Could you restate the entries word for word, without the images?
Start of Recorded data
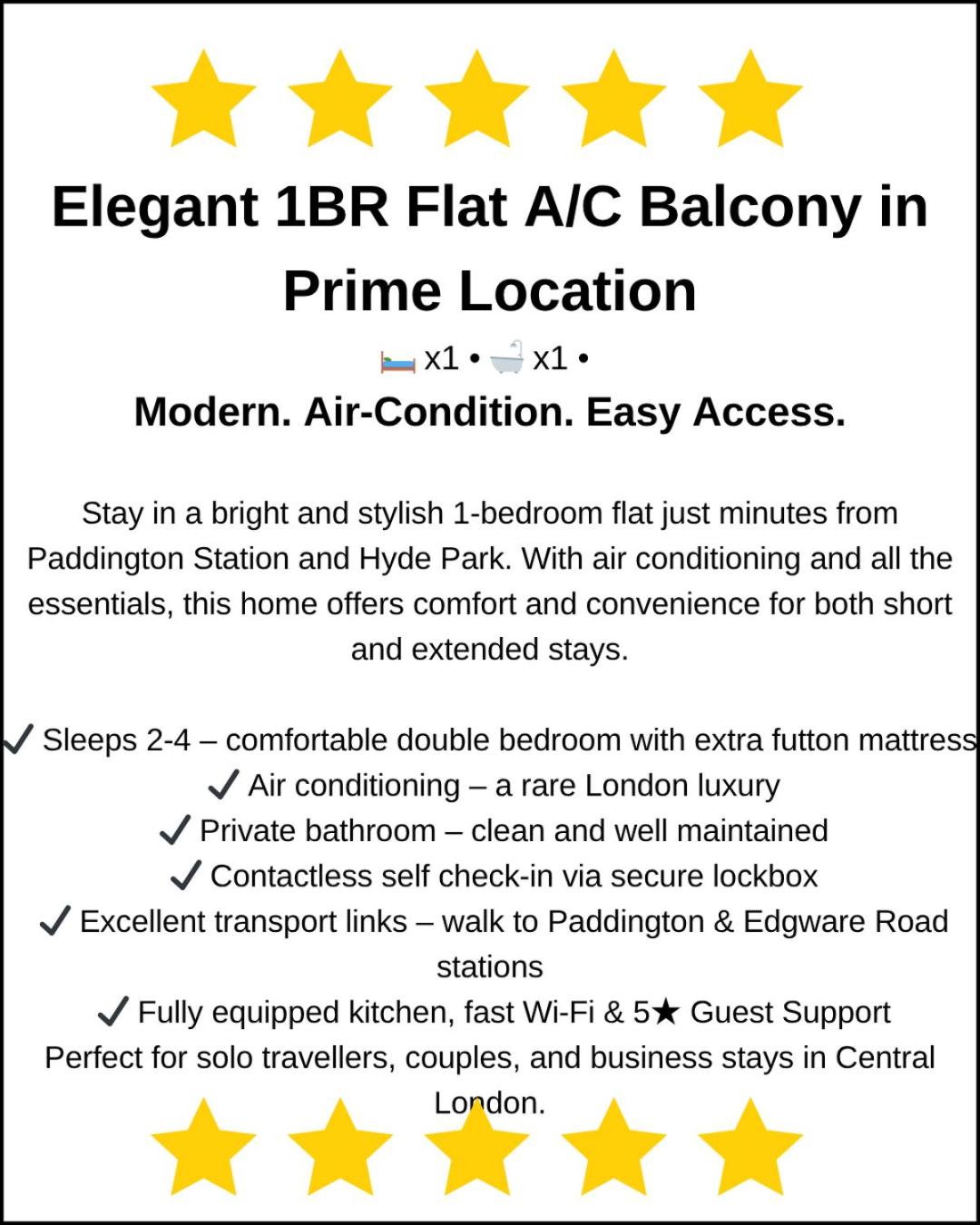 Luxury One Bedroom Apartment With AC, Bidet, Balcony View, Free Coffee, Tea, WiFi in Central London
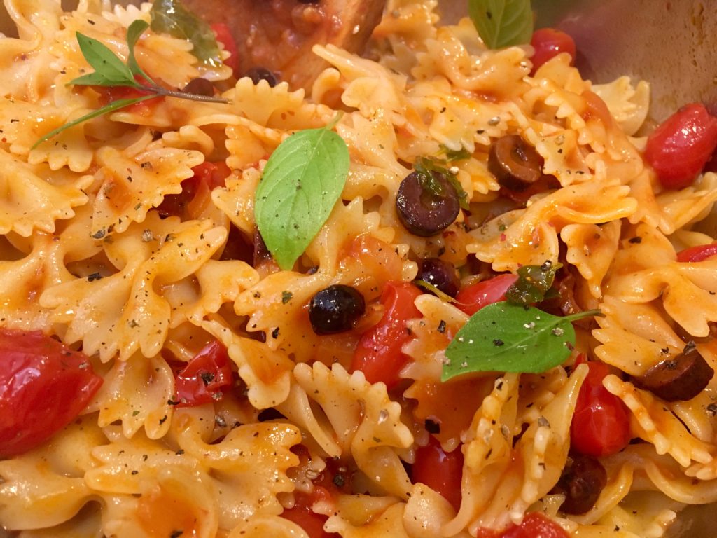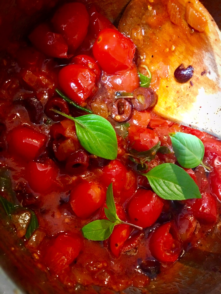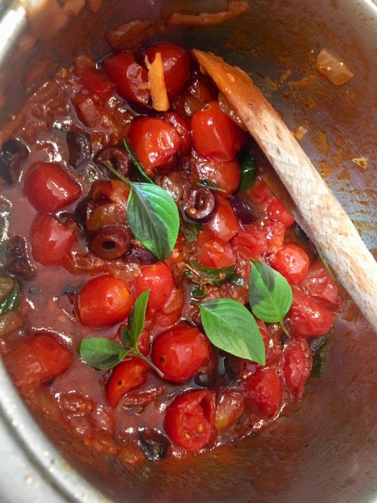 Σοτάρουμε στο ελαιόλαδο το κρεμμύδι και το σκόρδο με τα ντοματίνια τον βασιλικό, αλάτι και πιπέρι, προσθέτουμε τις ελιές και ανακατεύουμε για 2 λεπτά
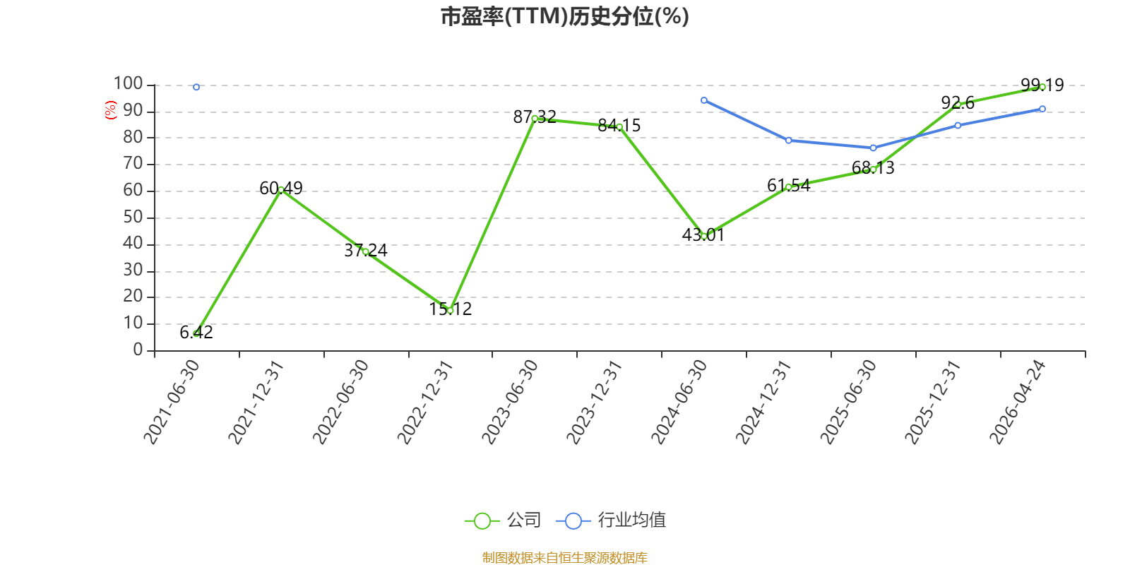 市盈率、市净率为负时,不显示当期分位数,会导致折线图中断。
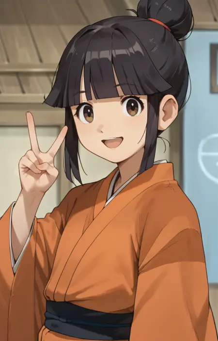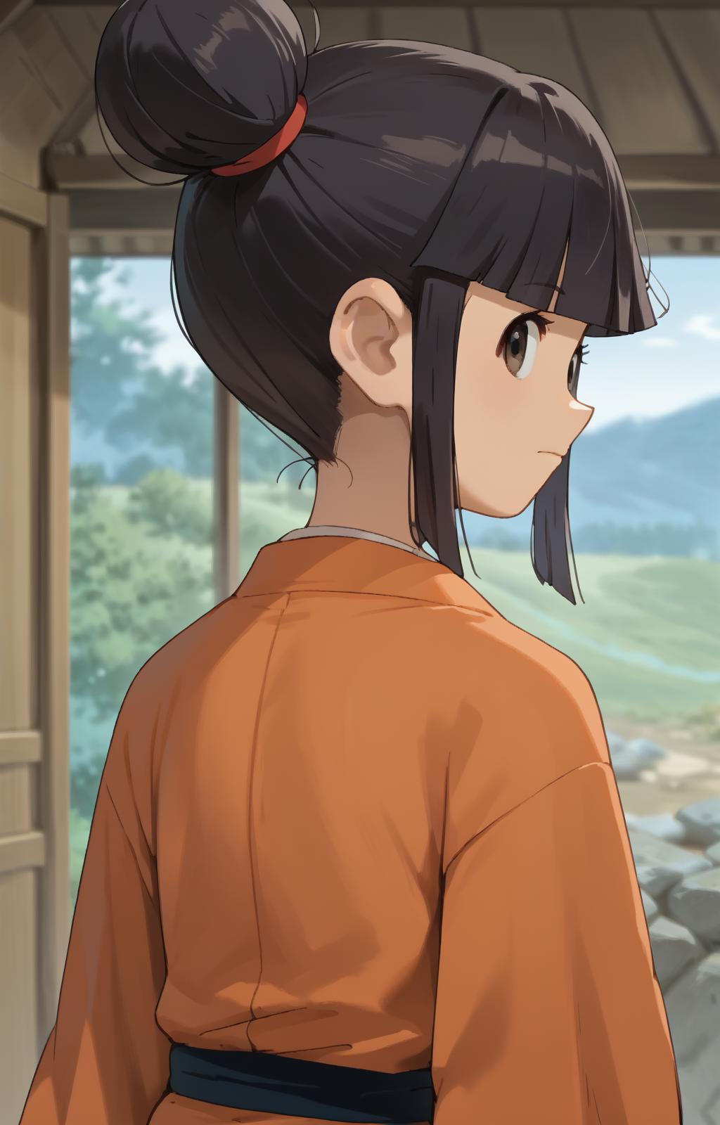 okatsu, black hair, single hair bun, hair up, bangs, brown eyes, japanese clothes, orange kimono
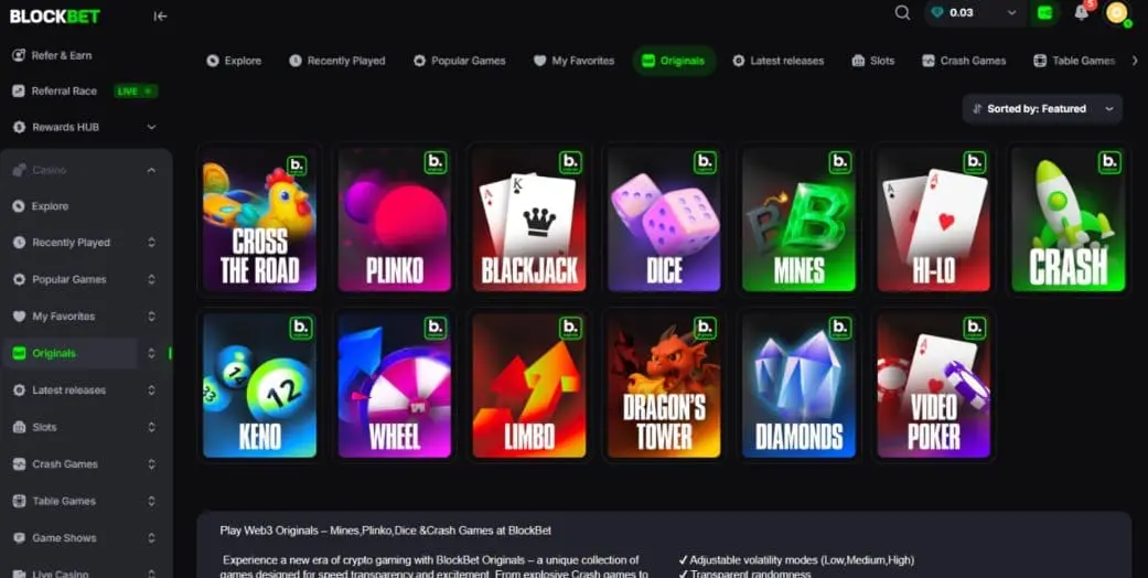 At the time of writing, there were 13 provably fair BlockBet Originals: Cross the Road, Plinko, Blackjack, Dice, Mines, Hi-Lo, Crash, Keno, Wheel, Limbo, Dragon’s Tower, Diamonds, and Video Poker.
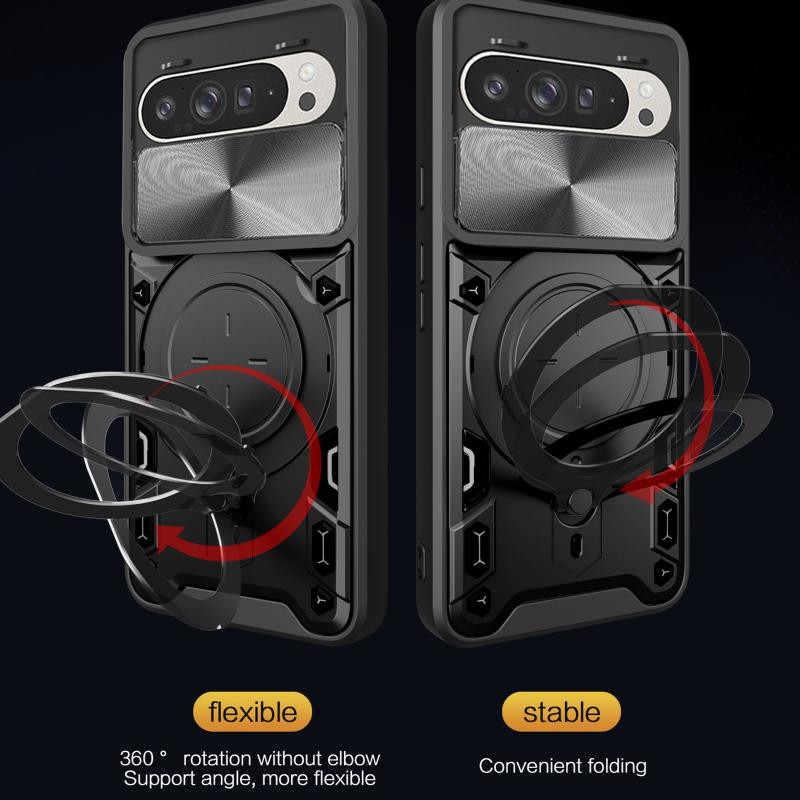 For Google Pixel 9 / 9 Pro CD Texture Sliding Camshield Magnetic Holder Phone Case(Pink)
End of Recorded data
- **Solution to this exercise**:
 Luxury One Bedroom Apartment With AC, Bidet, Balcony View, Free Coffee, Tea, WiFi in Central London
 Σοτάρουμε στο ελαιόλαδο το κρεμμύδι και το σκόρδο με τα ντοματίνια τον βασιλικό, αλάτι και πιπέρι, προσθέτουμε τις ελιές και ανακατεύουμε για 2 λεπτά
 市盈率、市净率为负时,不显示当期分位数,会导致折线图中断。
 okatsu, black hair, single hair bun, hair up, bangs, brown eyes, japanese clothes, orange kimono
 At the time of writing, there were 13 provably fair BlockBet Originals: Cross the Road, Plinko, Blackjack, Dice, Mines, Hi-Lo, Crash, Keno, Wheel, Limbo, Dragon’s Tower, Diamonds, and Video Poker.
 For Google Pixel 9 / 9 Pro CD Texture Sliding Camshield Magnetic Holder Phone Case(Pink)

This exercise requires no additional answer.